Test-And-Set-Locked Instruction Single instruction to do this: int old = *addr; *addr = 1; return(old); The hardware locks the memory system to keep the two sub-operations atomic. TSL lets us build more complex atomic sequences. See Example 3 for a simple one.

Problems with TSL Operates at motherboard speeds, not CPU. Much slower than cached load or store. Prevents other use of the memory system. Interferes with other CPUs and DMA. Silly to spin in TSL on a uniprocessor. Add a thread_yield() after every TSL.

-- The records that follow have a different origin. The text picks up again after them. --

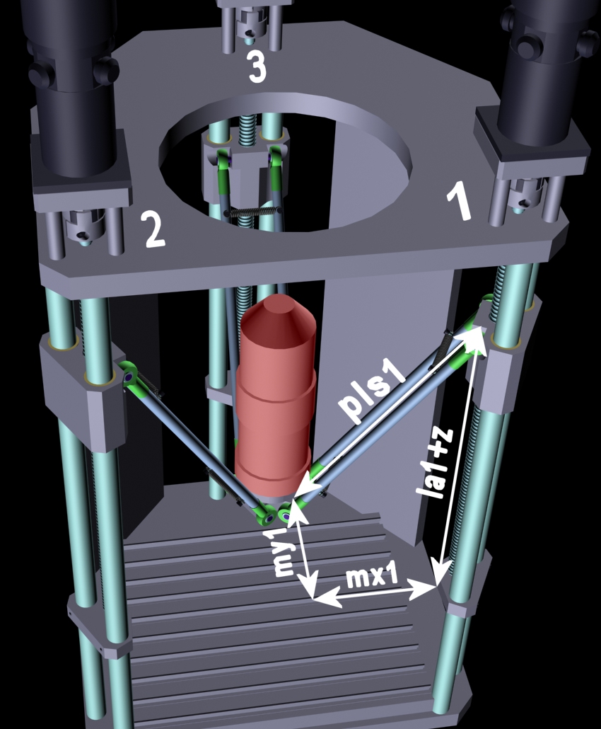 I'm curious. It seems the equations assume the mechanics are perfect. Motors mounted in perfect positions, guide rails perfectly parallel to z, link rods perfect length, etc. Do you have any idea what type of accuracy is achieved? Have you considered any further calibrations?
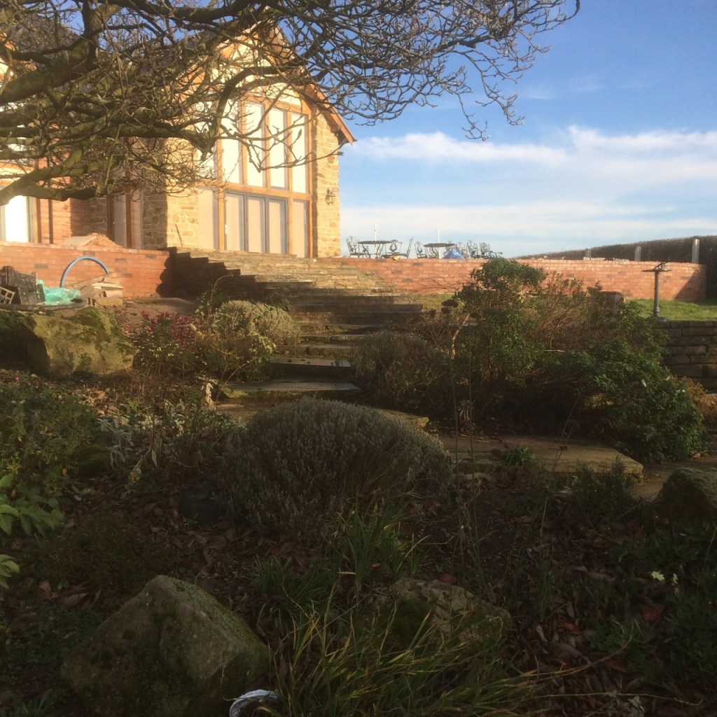 Challenge: Our challenge in January 2019, was to create a staircase to enable access from the patio level to join up with an existing stone pathway on the lower garden level. Our landscape specialist worked with us again on this landscaping project at Percy Throwers old residence.
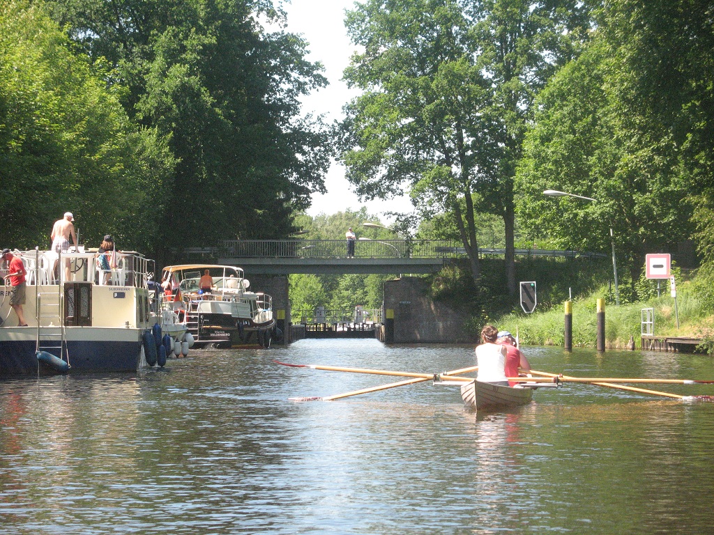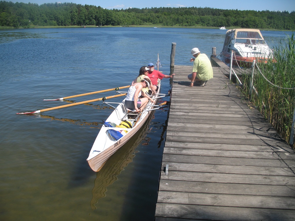 28. Juni 2010: Die Ruderbereitschaft ist wieder größer. Heute geht es mit zwei Booten nach Canow. Aber vorher wird gefrühstückt. Außerdem treffen von uns unerwartet Wanderruder vom DRC (Deutscher Ruderclub von 1884 e. V. Hannover) ein, darunter mit Adolf vom HRC sogar ein guter Bekannter. Die Gruppe fährt in unsere Richtung.
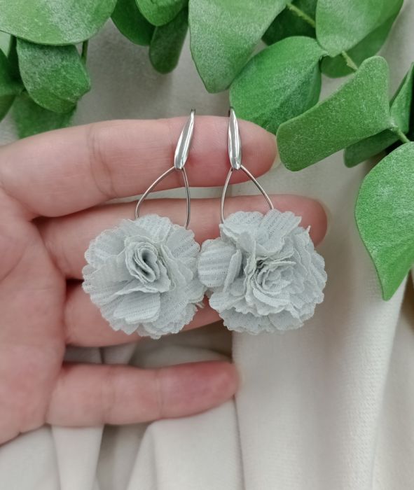 Zadaj pytanie dotyczące produktu: Jedwabne kolczyki kwiaty szare siwe
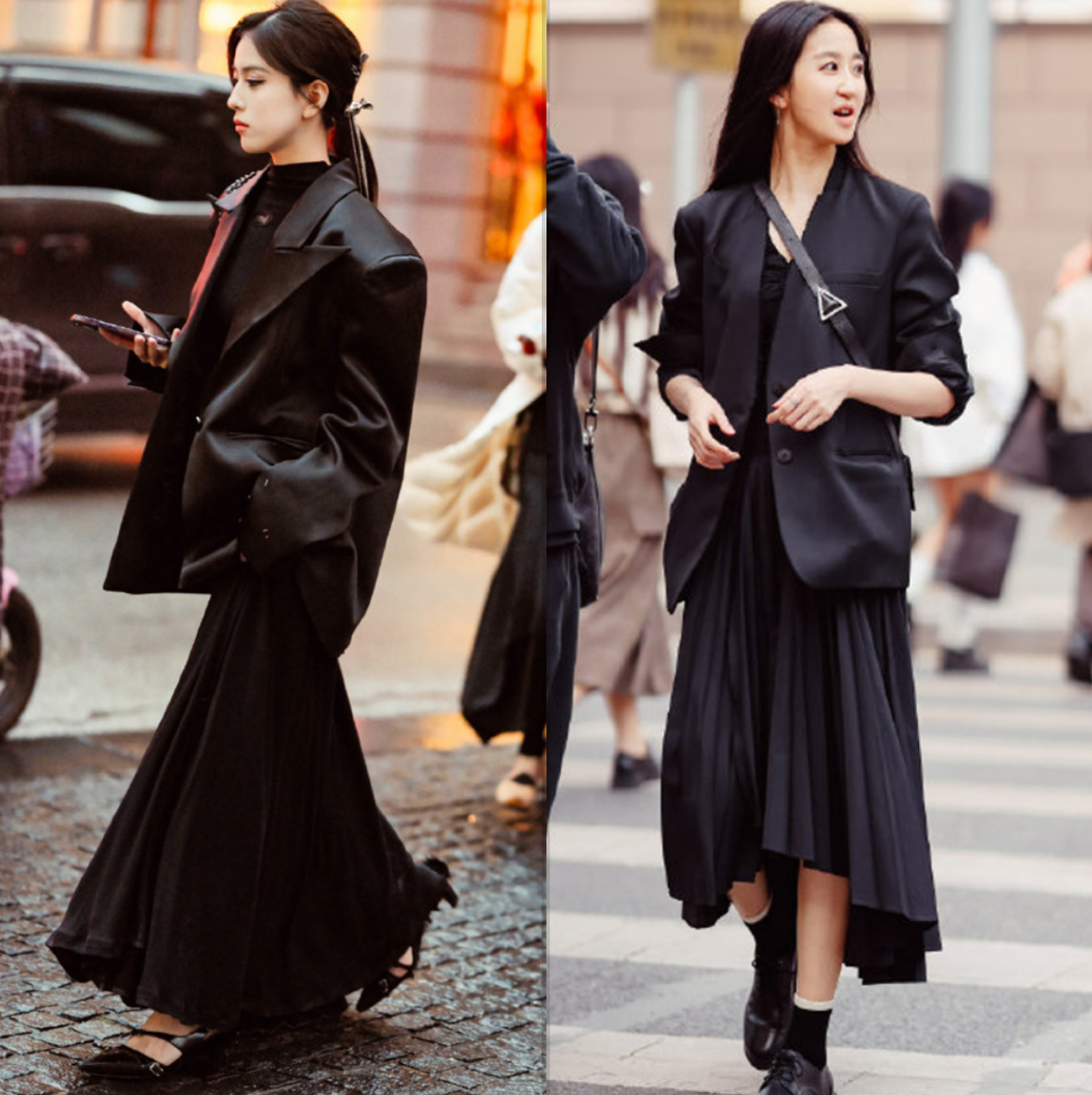 有人觉得西装过于刻板和老气,西装单品选择裙装进行搭配便能够化解这种感觉,当西装选择了搭配百褶裙,更加有女性的气质。

Locks Aren’t Enough Summary of code Example 4: What’s the problem? Consumer: If(input isn’t ready) sleep(); Producer: If(consumer is waiting) wake it up; What’s the problem? Can we solve the problem with locks alone?

Sequence Coordination Need to avoid races between decision to sleep and actual sleep(). Can’t hold lock while sleeping. Need the thread scheduler to help us release the lock. Common abstraction: condition variables. Code Examples 5 and 6.

Condition Variable Rules Hold the lock while calling wait(). Hold the lock while calling signal(). wait() acquires the lock before returning.